Some of the lines below need repeating. Reproduce exactly those between the lines holding "このTシャツは、NPO法人暮" and "2. Kayışın takılması: Yaylı", inclusive.
--- Available data Enclosed Below ---
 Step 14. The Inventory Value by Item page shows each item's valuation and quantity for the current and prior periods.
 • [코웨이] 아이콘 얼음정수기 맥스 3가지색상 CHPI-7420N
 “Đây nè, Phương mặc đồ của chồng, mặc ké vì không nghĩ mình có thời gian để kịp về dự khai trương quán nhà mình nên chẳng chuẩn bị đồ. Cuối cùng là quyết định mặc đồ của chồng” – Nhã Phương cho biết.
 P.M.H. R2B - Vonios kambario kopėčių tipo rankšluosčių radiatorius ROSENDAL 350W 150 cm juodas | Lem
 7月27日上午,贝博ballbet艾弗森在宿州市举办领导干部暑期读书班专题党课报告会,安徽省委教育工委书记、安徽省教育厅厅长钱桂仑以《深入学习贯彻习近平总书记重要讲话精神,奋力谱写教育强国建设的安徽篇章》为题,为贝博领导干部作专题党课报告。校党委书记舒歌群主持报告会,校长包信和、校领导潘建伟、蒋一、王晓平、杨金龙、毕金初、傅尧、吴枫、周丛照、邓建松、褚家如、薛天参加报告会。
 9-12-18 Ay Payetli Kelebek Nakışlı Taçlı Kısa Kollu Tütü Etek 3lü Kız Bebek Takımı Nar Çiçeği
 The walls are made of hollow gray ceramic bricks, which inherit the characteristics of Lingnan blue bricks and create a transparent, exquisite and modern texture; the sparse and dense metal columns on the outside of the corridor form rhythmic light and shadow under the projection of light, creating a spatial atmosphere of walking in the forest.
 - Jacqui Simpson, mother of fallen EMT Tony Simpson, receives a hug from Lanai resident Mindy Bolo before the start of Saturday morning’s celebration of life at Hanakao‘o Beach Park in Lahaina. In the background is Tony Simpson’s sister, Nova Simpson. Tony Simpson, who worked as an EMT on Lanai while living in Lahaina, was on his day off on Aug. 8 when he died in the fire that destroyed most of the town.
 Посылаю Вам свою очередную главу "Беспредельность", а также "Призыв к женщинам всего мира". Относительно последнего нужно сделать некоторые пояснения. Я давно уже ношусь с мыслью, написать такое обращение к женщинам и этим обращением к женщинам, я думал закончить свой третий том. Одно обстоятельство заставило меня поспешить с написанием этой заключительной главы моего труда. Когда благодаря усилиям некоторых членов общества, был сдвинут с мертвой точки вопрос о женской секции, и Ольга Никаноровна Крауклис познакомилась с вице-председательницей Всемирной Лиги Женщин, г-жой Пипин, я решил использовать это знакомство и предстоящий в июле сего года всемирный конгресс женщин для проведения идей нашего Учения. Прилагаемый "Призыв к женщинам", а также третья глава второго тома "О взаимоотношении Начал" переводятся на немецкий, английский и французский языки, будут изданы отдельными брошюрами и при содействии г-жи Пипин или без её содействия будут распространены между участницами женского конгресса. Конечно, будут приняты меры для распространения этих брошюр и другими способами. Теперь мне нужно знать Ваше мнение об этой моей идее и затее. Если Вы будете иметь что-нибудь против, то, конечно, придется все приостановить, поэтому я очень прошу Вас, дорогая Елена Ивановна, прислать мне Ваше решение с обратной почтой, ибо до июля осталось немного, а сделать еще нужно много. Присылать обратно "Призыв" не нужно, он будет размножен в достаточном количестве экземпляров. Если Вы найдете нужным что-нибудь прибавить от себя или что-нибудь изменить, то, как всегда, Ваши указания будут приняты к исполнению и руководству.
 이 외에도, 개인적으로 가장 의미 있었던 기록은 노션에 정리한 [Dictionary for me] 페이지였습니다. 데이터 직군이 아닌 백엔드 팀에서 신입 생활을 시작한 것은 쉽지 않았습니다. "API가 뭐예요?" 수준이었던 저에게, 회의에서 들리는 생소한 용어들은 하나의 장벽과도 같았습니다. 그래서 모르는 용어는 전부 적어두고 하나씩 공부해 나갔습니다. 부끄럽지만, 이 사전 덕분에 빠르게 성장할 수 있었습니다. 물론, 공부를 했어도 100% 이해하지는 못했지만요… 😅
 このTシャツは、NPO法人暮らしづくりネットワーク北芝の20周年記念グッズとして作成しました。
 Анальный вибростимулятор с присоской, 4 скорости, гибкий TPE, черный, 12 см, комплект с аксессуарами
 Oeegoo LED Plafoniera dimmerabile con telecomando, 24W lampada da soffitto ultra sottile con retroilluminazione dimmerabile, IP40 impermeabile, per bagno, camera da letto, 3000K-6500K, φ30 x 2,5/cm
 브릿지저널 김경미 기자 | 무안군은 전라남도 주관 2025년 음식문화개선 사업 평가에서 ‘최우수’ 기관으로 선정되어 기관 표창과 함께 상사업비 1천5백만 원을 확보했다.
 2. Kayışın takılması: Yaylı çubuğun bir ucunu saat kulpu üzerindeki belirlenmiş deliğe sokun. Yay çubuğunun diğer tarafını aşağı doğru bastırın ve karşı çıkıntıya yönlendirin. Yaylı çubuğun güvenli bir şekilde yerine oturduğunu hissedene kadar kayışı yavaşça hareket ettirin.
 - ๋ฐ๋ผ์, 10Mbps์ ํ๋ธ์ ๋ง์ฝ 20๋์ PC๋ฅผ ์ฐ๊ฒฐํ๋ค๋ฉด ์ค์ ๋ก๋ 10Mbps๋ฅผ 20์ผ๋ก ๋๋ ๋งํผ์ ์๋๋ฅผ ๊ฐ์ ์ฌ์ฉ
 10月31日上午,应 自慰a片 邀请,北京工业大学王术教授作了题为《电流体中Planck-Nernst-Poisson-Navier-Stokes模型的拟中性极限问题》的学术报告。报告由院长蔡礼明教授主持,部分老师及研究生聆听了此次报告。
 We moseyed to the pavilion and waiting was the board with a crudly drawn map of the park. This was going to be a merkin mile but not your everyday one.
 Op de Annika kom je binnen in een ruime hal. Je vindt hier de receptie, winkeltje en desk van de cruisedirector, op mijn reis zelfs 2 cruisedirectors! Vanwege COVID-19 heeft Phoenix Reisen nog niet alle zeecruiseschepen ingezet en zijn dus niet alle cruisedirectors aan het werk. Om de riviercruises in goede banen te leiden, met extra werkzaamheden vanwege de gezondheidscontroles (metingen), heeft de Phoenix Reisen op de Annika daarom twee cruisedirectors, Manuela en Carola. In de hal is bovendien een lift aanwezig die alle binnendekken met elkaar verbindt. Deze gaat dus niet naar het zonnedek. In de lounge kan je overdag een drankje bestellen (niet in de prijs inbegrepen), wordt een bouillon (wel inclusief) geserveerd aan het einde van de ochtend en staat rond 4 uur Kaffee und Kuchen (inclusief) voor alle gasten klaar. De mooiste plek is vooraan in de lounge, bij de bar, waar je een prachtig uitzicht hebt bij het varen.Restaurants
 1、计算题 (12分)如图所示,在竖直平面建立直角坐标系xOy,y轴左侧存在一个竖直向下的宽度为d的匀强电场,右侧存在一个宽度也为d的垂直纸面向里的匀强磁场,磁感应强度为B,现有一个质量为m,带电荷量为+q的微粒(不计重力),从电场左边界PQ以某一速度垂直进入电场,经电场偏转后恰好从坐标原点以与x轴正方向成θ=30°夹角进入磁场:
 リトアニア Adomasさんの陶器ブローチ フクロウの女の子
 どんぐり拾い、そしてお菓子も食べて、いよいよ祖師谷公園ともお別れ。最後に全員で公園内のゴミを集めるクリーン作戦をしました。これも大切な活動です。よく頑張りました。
--- End of Enclosed Available data ---
● **Solution for this task**
 このTシャツは、NPO法人暮らしづくりネットワーク北芝の20周年記念グッズとして作成しました。
 Анальный вибростимулятор с присоской, 4 скорости, гибкий TPE, черный, 12 см, комплект с аксессуарами
 Oeegoo LED Plafoniera dimmerabile con telecomando, 24W lampada da soffitto ultra sottile con retroilluminazione dimmerabile, IP40 impermeabile, per bagno, camera da letto, 3000K-6500K, φ30 x 2,5/cm
 브릿지저널 김경미 기자 | 무안군은 전라남도 주관 2025년 음식문화개선 사업 평가에서 ‘최우수’ 기관으로 선정되어 기관 표창과 함께 상사업비 1천5백만 원을 확보했다.
 2. Kayışın takılması: Yaylı çubuğun bir ucunu saat kulpu üzerindeki belirlenmiş deliğe sokun. Yay çubuğunun diğer tarafını aşağı doğru bastırın ve karşı çıkıntıya yönlendirin. Yaylı çubuğun güvenli bir şekilde yerine oturduğunu hissedene kadar kayışı yavaşça hareket ettirin.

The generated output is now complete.